[[ Dataset records open ]]
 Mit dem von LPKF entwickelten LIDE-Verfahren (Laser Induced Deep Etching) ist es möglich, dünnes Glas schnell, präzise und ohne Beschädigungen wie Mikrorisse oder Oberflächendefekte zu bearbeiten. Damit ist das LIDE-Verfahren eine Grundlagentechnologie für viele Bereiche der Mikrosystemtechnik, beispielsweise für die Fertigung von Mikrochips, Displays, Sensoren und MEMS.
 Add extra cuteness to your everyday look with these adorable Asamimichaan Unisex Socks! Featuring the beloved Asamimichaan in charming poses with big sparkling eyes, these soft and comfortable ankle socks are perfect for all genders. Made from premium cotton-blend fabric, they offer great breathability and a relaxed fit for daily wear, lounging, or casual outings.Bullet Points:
[[ Dataset records closed ]]
[[ Dataset records open ]]
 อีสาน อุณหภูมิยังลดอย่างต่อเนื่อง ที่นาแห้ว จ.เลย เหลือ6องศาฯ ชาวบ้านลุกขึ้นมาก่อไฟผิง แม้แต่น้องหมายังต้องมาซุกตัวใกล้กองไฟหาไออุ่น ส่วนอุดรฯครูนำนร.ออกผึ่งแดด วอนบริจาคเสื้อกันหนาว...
[[ Dataset records closed ]]
**Exercise instructions**
Look above for the line with "Mit dem von" and the line with "Add extra cuteness", and reproduce exactly those two lines plus every line between, nothing more.

**Solution below**
 Mit dem von LPKF entwickelten LIDE-Verfahren (Laser Induced Deep Etching) ist es möglich, dünnes Glas schnell, präzise und ohne Beschädigungen wie Mikrorisse oder Oberflächendefekte zu bearbeiten. Damit ist das LIDE-Verfahren eine Grundlagentechnologie für viele Bereiche der Mikrosystemtechnik, beispielsweise für die Fertigung von Mikrochips, Displays, Sensoren und MEMS.
 Add extra cuteness to your everyday look with these adorable Asamimichaan Unisex Socks! Featuring the beloved Asamimichaan in charming poses with big sparkling eyes, these soft and comfortable ankle socks are perfect for all genders. Made from premium cotton-blend fabric, they offer great breathability and a relaxed fit for daily wear, lounging, or casual outings.Bullet Points:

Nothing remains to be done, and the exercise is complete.